*Requirement*. Could you transcribe all of the data exactly and skip any pictures?

*Supplied information*.

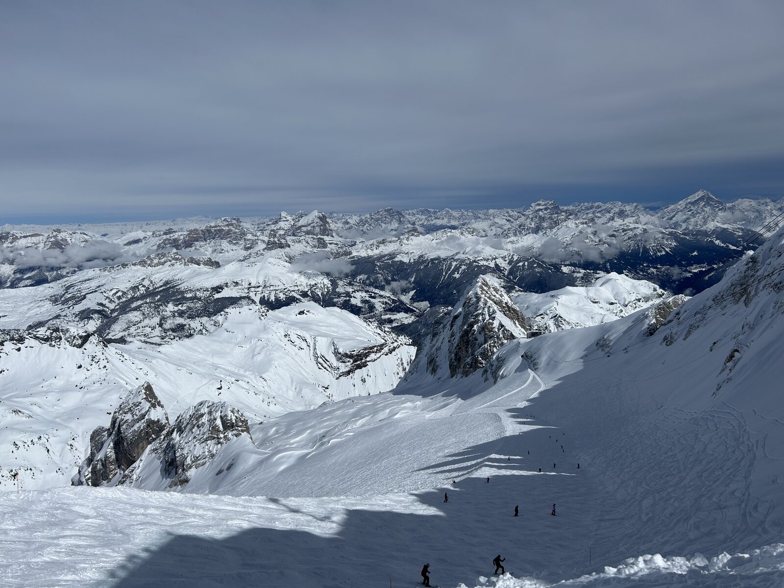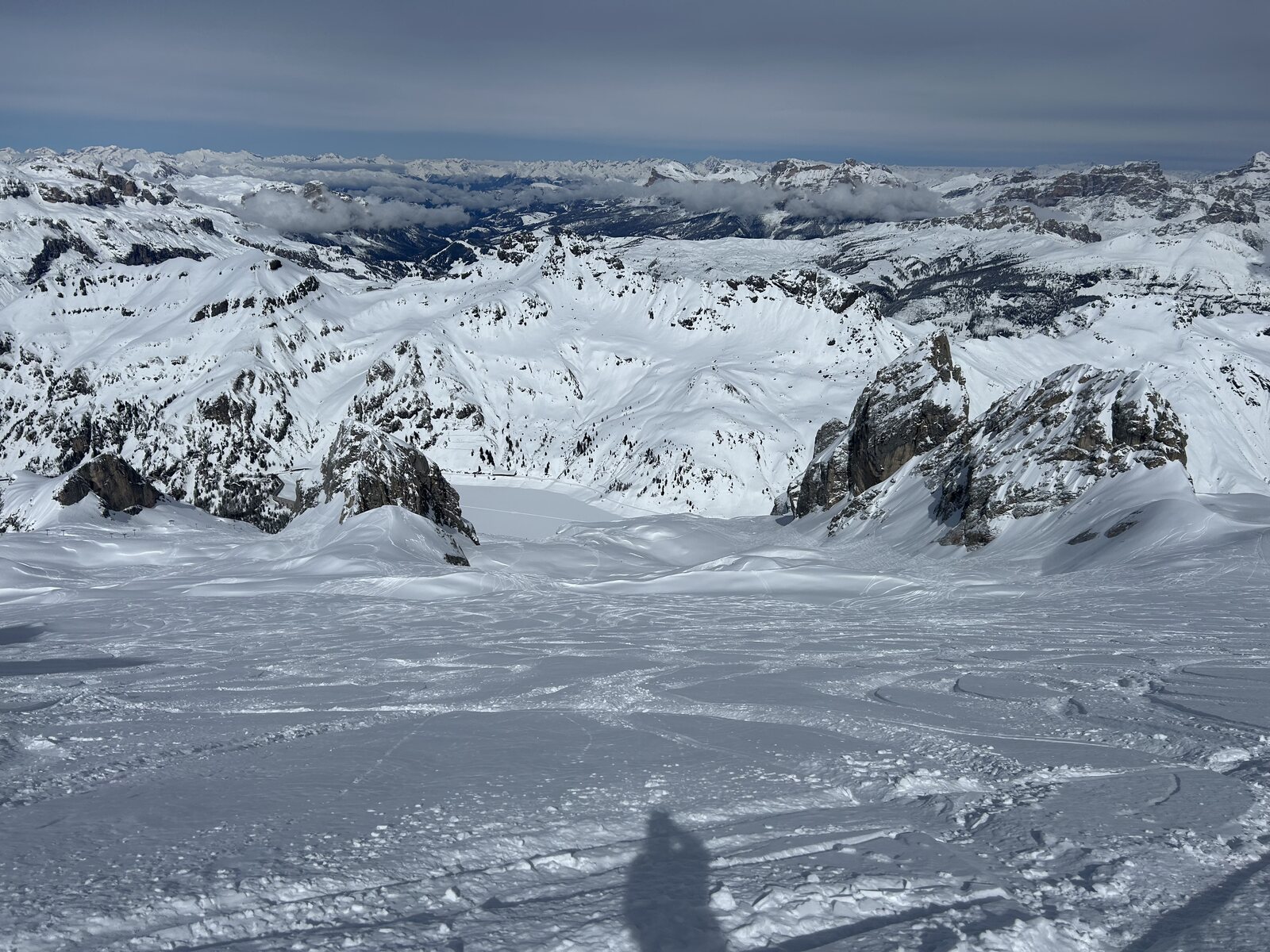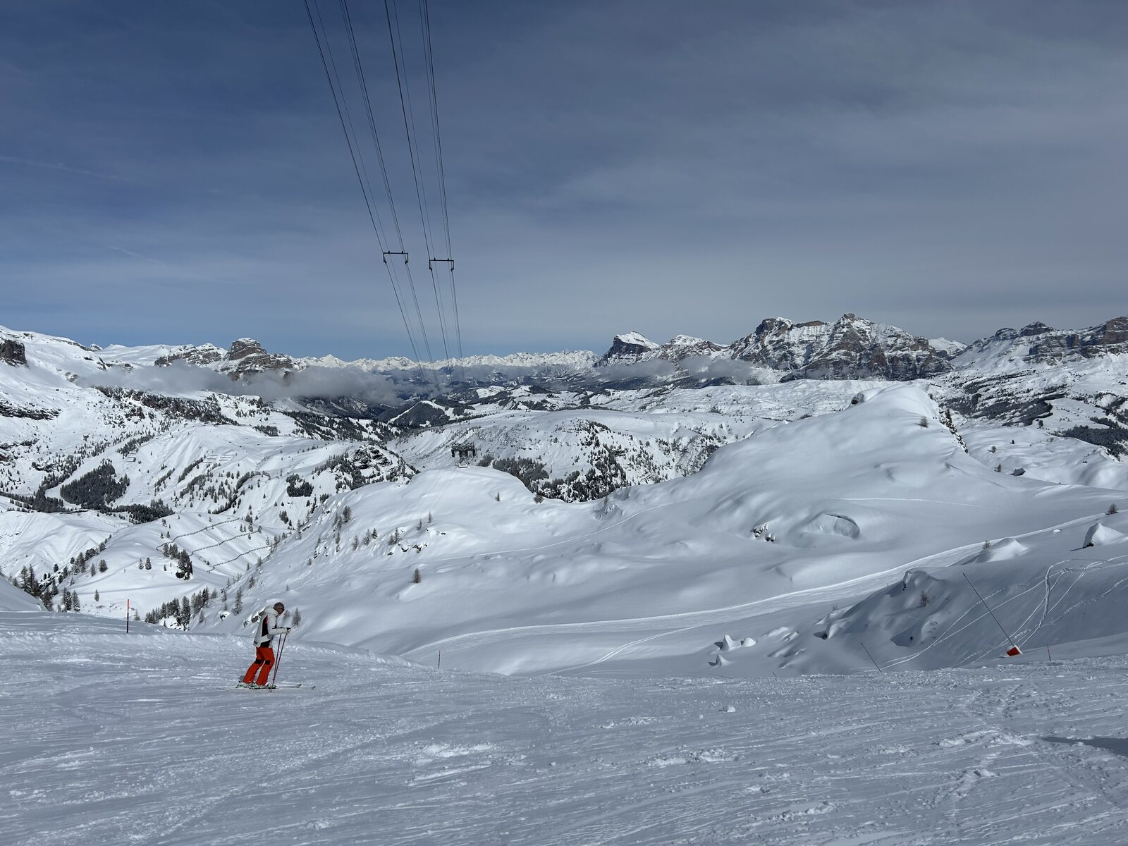 Aktuell ist das Wetter durchzogen und viel zu warm. Unter 2000 Meter, an Sonnenhängen auch noch höher, viel Sulz und Wasserschlachten. Die Nordhänge am Belvedere oben, Porta Vescovo, 5 Torri bieten aber noch pulvrige Hänge. Diese Woche sind spürbar weniger Leute unterwegs als noch letzten Donnerstag/Freitag.
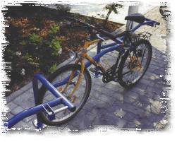 oberen Rahmendreieckk sichert. Grundsätzlich können Fahrräder an den stabilen Anlehnbügeln auch mit jedem handelsüblichen Bügel- oder Seilschloß angeschlossen werden. Ausführung: Fahrradparker Alpha sind als Einzelständer, Doppelständer oder Reigenanlagen erhältlich
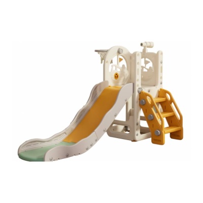 Komplet uključuje dugačak i širok tobogan sa stabilnom konstrukcijom zahvaljujući kojem se lako penje na vrh. Sa strane je obruč za košarku.
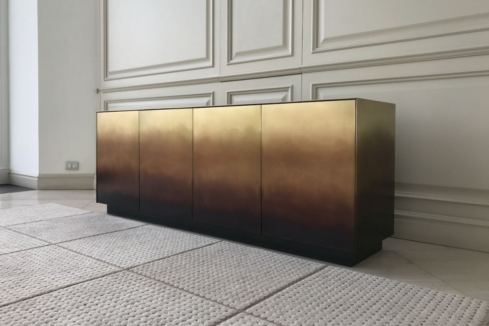 La meuble de rangement Marea en promotion dans notre showroom, présente une structure en laiton avec finition DeMarea et un plateau intérieur en chêne finition titane.
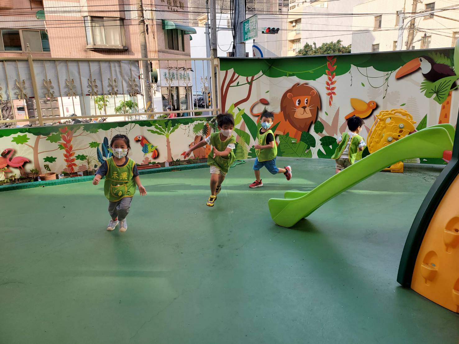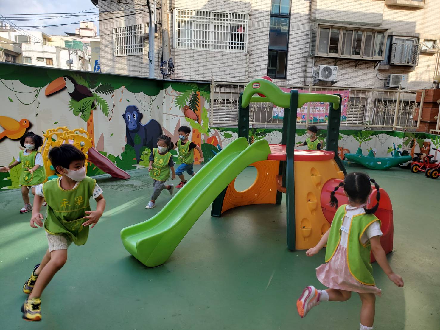 活動空間圍繞有可愛卡通圖案的彩色牆,讓孩子能在天氣舒適的時候在室外充分的活動,有時也會舉辦玩水遊戲或各項體能小遊戲,讓孩子能開心在這裡揮灑汗水。

*Response to this task*.
 Aktuell ist das Wetter durchzogen und viel zu warm. Unter 2000 Meter, an Sonnenhängen auch noch höher, viel Sulz und Wasserschlachten. Die Nordhänge am Belvedere oben, Porta Vescovo, 5 Torri bieten aber noch pulvrige Hänge. Diese Woche sind spürbar weniger Leute unterwegs als noch letzten Donnerstag/Freitag.
 oberen Rahmendreieckk sichert. Grundsätzlich können Fahrräder an den stabilen Anlehnbügeln auch mit jedem handelsüblichen Bügel- oder Seilschloß angeschlossen werden. Ausführung: Fahrradparker Alpha sind als Einzelständer, Doppelständer oder Reigenanlagen erhältlich
 Komplet uključuje dugačak i širok tobogan sa stabilnom konstrukcijom zahvaljujući kojem se lako penje na vrh. Sa strane je obruč za košarku.
 La meuble de rangement Marea en promotion dans notre showroom, présente une structure en laiton avec finition DeMarea et un plateau intérieur en chêne finition titane.
 活動空間圍繞有可愛卡通圖案的彩色牆,讓孩子能在天氣舒適的時候在室外充分的活動,有時也會舉辦玩水遊戲或各項體能小遊戲,讓孩子能開心在這裡揮灑汗水。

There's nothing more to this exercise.